TASK MATERIAL
*** Block opens ***
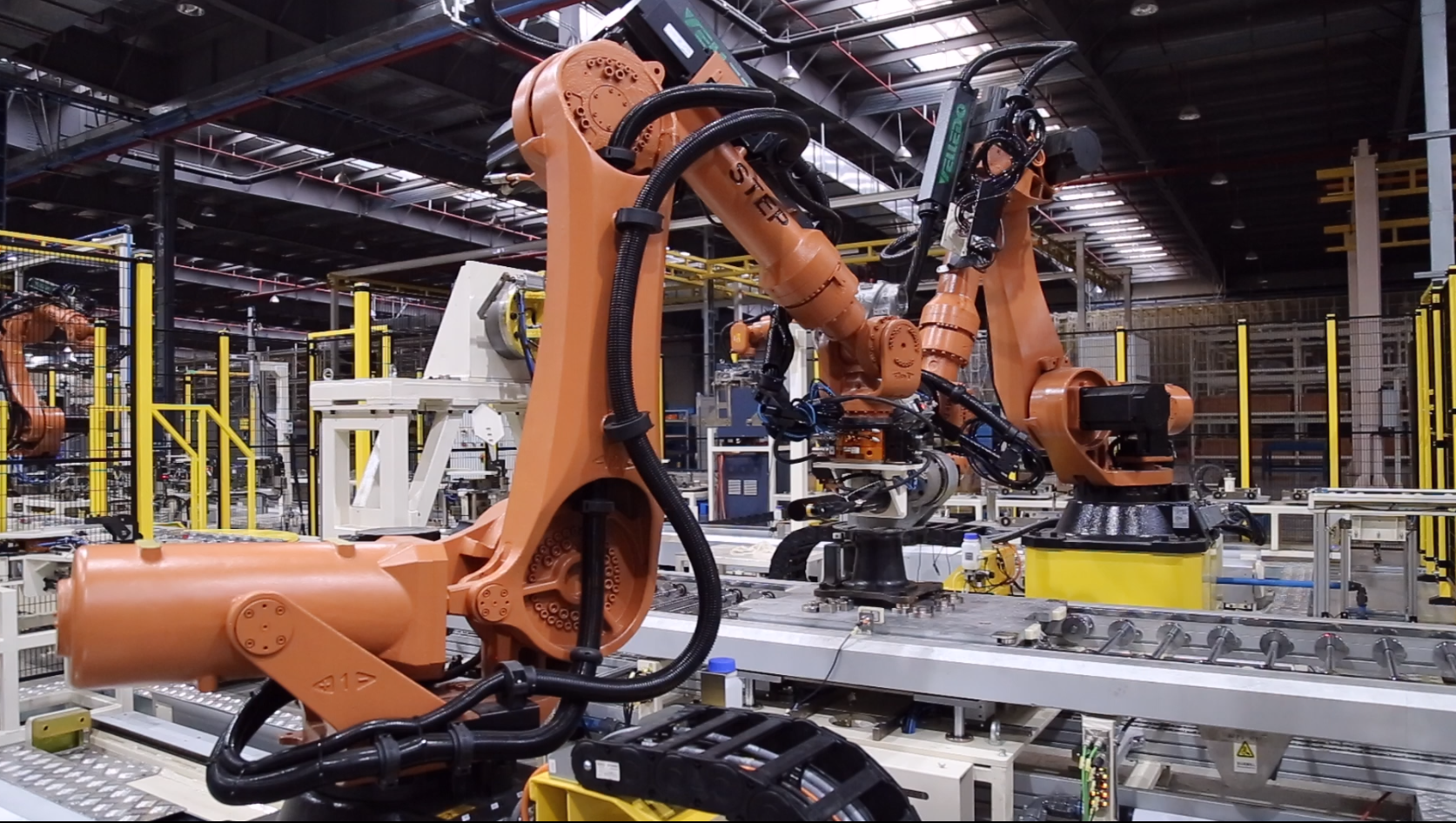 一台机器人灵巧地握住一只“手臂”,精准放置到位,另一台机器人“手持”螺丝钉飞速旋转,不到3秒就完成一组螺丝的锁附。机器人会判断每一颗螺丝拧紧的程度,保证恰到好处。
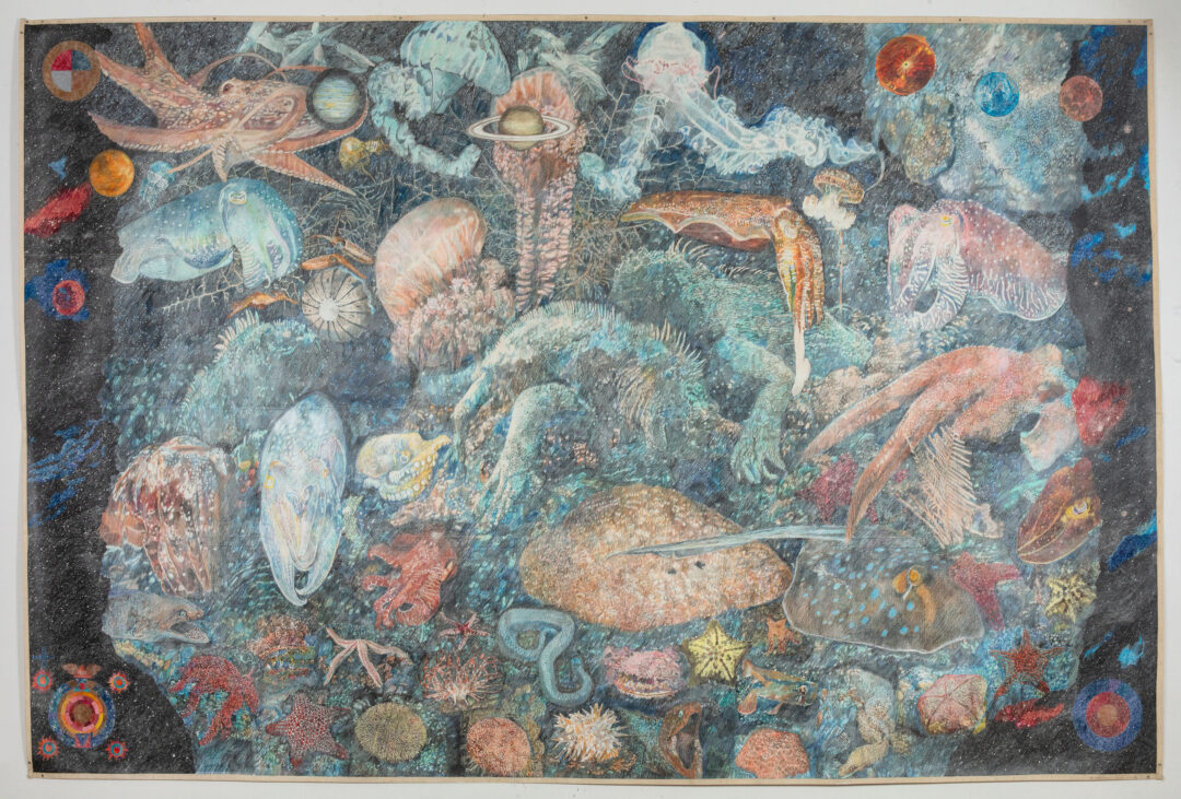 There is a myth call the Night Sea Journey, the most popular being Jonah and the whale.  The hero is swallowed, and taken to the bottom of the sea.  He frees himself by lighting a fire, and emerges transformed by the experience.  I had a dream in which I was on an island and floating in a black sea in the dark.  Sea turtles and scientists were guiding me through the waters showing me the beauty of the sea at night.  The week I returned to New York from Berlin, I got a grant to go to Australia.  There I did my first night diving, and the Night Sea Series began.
*** Block closes ***
*** Block opens ***
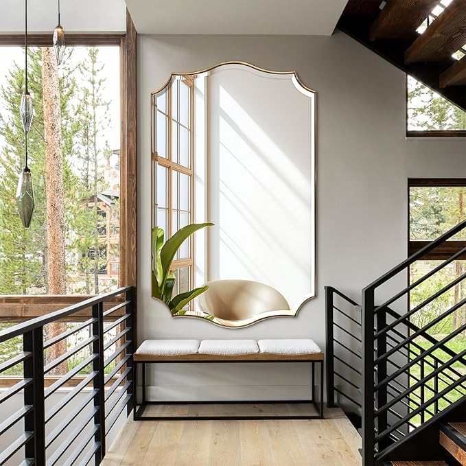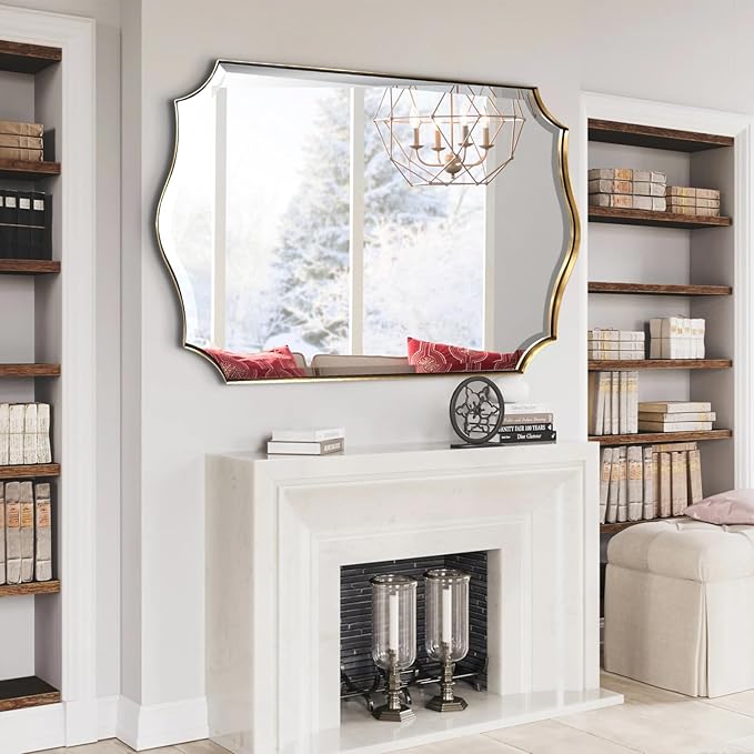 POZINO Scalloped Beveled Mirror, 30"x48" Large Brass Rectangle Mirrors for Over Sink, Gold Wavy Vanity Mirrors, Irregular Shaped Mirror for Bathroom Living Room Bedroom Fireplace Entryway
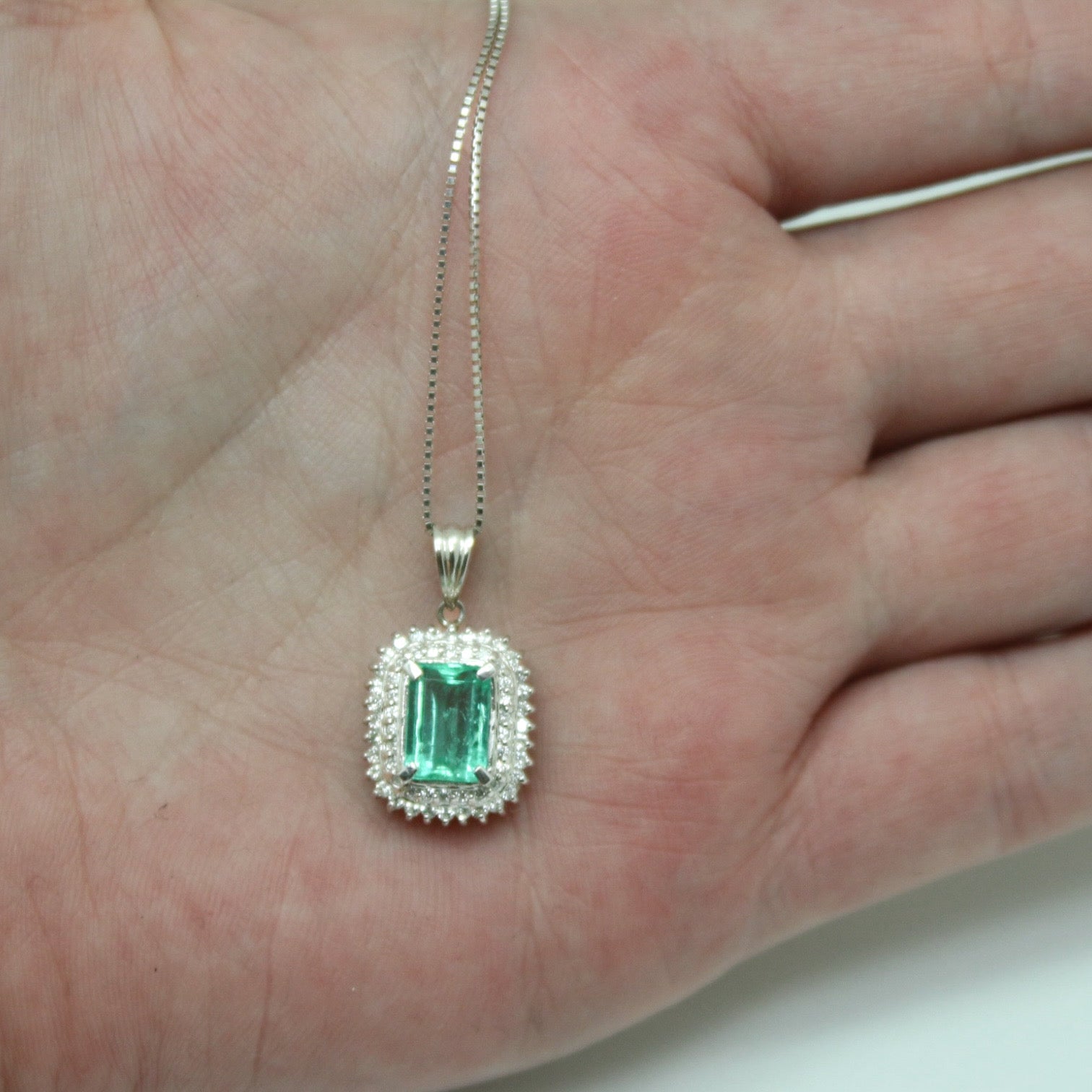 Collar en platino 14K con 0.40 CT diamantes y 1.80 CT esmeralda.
*** Block closes ***
TASK PROMPT
Look above for the line containing "POZINO Scalloped Beveled", then write out every line from there down to the line containing "Collar en platino", that line included, with no pictures.

YOUR RESPONSE
 POZINO Scalloped Beveled Mirror, 30"x48" Large Brass Rectangle Mirrors for Over Sink, Gold Wavy Vanity Mirrors, Irregular Shaped Mirror for Bathroom Living Room Bedroom Fireplace Entryway
 Collar en platino 14K con 0.40 CT diamantes y 1.80 CT esmeralda.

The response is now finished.